Anonymous March 29, 2005 at 3:54 pm

Hmm, I will admit I don't have my books to hand to check, so am going on my memory only. But if prescriptive/descriptive don't work for you in the context I'm using them in, what dichotomy do they refer to?

Anonymous March 29, 2005 at 11:21 pm

Prescriptive grammar has (or claims to have) normative force. It tells people how they should speak and write. Traditional language instruction (both first and second language) uses the prescriptive strategy. Prescriptive grammar is the domain of most school language teachers and most newspaper “language maven” columns.
Descriptive grammar is what most linguists do. It concerns itself with describing what language users actually do.

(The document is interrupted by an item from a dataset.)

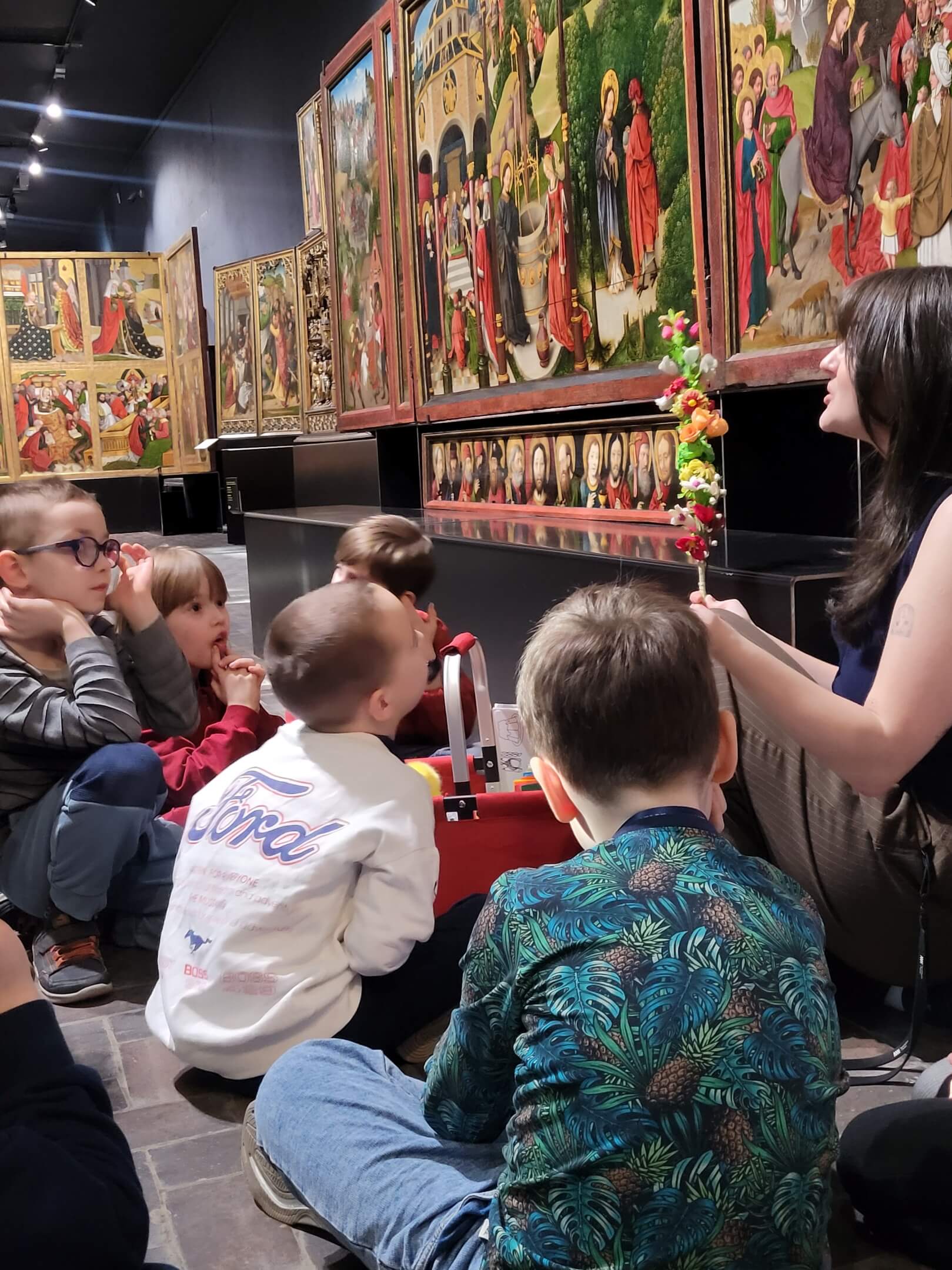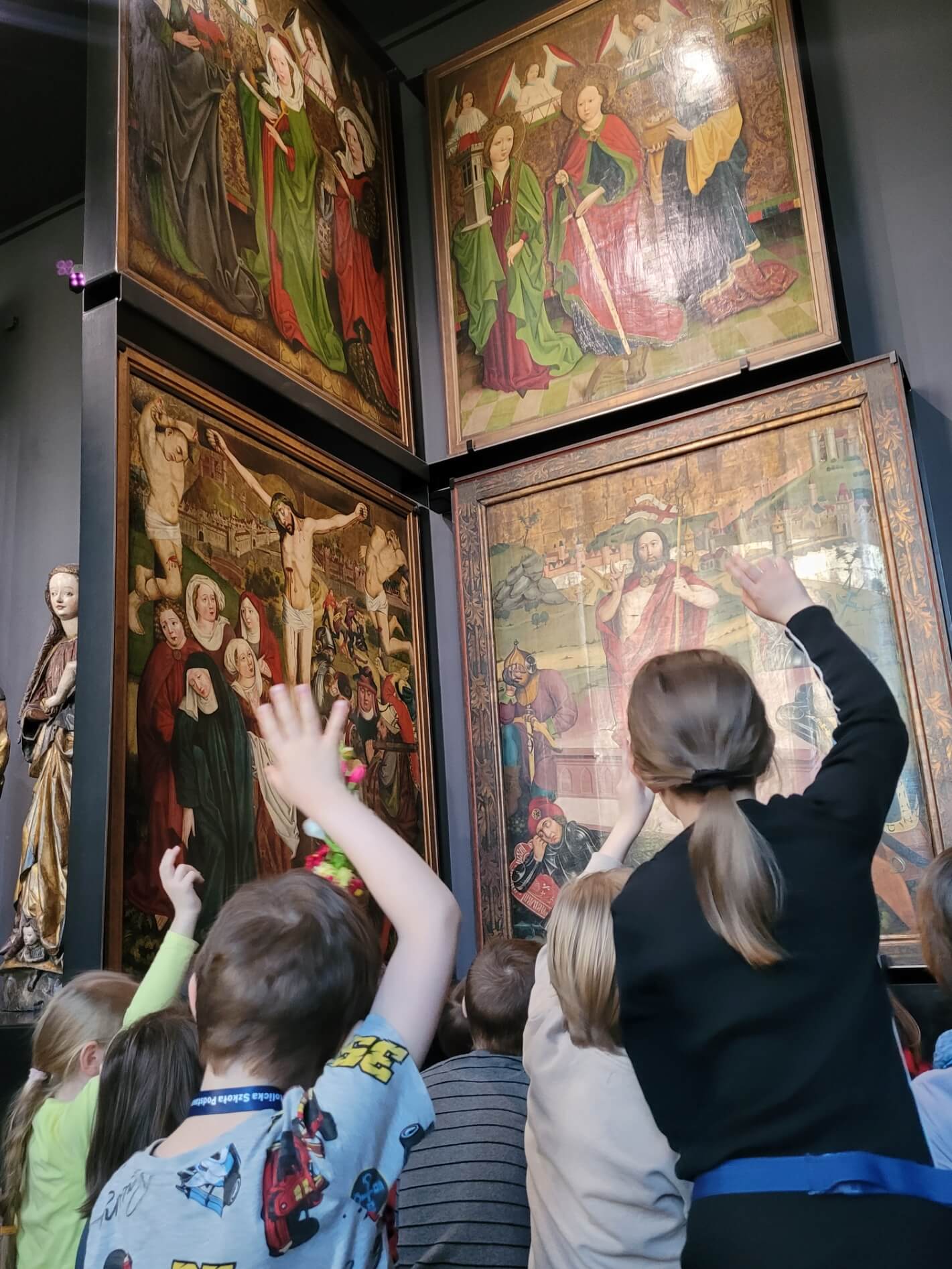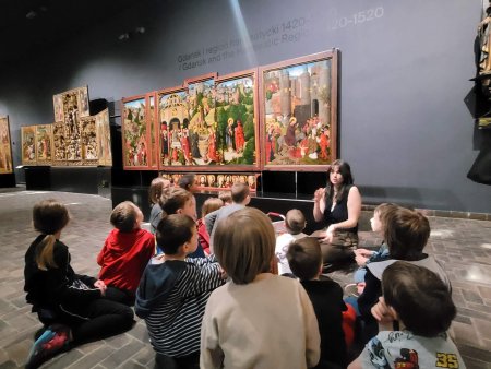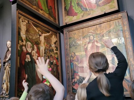 Nasi uczniowie z klasy 1 odwiedzili przed Świętami Wielkanocnymi Muzeum Narodowe, by porozmawiać o zwyczajach związanych ze Świętami Wielkiej Nocy – malowaniu pisanek i święceniu pokarmów. Dzieci poznały różnicę między śmigusem a dyngusem, a także dowiedziały się, jak wydarzenia Wielkiego Tygodnia były przedstawiane w sztuce.

No native English speaker would ever produce the sentence Cat chimney up, and only an extremely inadequate descriptive account of English would fail to note this.
A prescriptive grammar of English would say, “The sentence It 's me is ungrammatical; you must say It is I.”
A descriptive grammar of English (and Geoff Pullum and Rodney Huddlestone have just produced a gem) will note that in fact almost nobody says It is I, while almost everyone will produce and accept It's me without blinking.
Both prescriptive and descriptive grammars would reject Cat chimney up, the former because it is wrong, and the latter because no native English speaker would ever produce such a sentence.
Both traditions use both rules and examples. In the prescriptive tradition, rules are meant to be real rules that you are supposed to follow, like rules of etiquette and traffic laws. In descriptive grammar, rules are hypotheses that try to capture regularities in people's actual usage. Linguists usually believe that we have rules in our heads (see Pinker on regular verbs, for example), but that we are mostly unconscious of them.
If you will forgive an extended example, English has three regular plural suffixes, all spelled -s or -es, but pronounced differently: the plural of cat is cats, the plural of dog is (pronounced) dogz, and the plural of finch is pronounced finchiz. We use these three distinct plural endings, -s, -z, and -iz, almost flawlessly and with near-perfect agreement between speakers. Nobody ever says doggiz, and nobody pluralizes play as place (using an s sound instead of a z). And yet not one speaker in a hundred can articulate the rule that allows them to choose the correct suffix. A descriptive account notes the regularity, takes a lot of data (examples), and often proposes a rule to explain the observed behavior. But if later data contradicts the rule, the rule will be modified or discarded.
None of this is intended to belittle the value of the distinction you made in your original post. Those two approaches to language-learning, one based on lots and lots of examples and immersion, and the other based on rules and careful analysis, both definitely exist, and people do, absolutely, need to think about which approach (or mixture of approaches) matches their own cognitive styles. It's just that the two approaches can't be called prescriptive and descriptive, because language scholars have already appropriated those two words and made them mean something else.
I still haven't come up with better words than inductive (for the example-based approach) and deductive or maybe analytic (for the rules-and-thinking approach). We definitely all learn our native languages inductively, while most second-language programs are pretty heavily analytic. One big reason for that is that little kids have a magical-seeming ability to suck up language by example, but that ability seems to fade during adolescence, so that the inductive approach becomes more frustrating.
OK, this is my favorite topic so I'm blithering on and on. Sorry. Hope I wasn't too incoherent, and thanks for your patience.

Anonymous March 29, 2005 at 11:22 pm

Oh, nuts. I forgot to sign that. It was me 🙂
–ACW

Anonymous April 30, 2005 at 5:59 pm

Finally got the time to fix this post! Thanks for your input!